Any pictures in the records below must be left out when you repeat the lines from the line containing "Blick auf das" through the line containing "風を感じながら笑顔を見せるナチュラルな若い女性" exactly.
-------- Information supplied
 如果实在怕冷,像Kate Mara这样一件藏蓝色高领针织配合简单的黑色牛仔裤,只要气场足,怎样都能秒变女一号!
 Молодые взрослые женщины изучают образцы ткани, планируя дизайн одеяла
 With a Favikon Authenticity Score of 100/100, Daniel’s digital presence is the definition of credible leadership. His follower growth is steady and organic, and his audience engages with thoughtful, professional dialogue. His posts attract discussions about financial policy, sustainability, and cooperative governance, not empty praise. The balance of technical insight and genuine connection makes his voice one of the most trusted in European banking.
----------------
-------- Information supplied
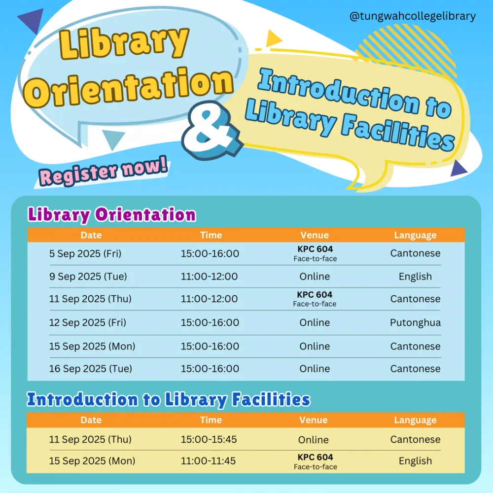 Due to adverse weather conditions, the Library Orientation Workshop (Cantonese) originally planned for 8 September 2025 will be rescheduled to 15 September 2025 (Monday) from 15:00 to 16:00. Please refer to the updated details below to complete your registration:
----------------
-------- Information supplied
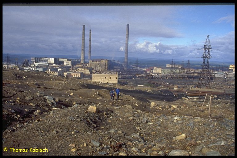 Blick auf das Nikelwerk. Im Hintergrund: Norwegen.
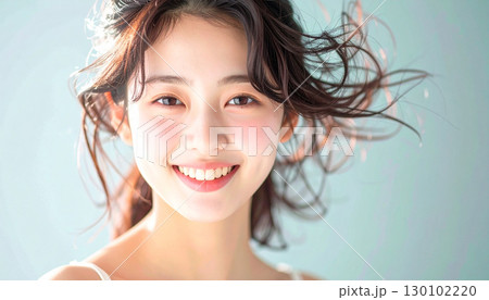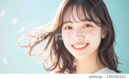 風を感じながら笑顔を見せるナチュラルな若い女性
----------------
Solved problem
 Blick auf das Nikelwerk. Im Hintergrund: Norwegen.
 風を感じながら笑顔を見せるナチュラルな若い女性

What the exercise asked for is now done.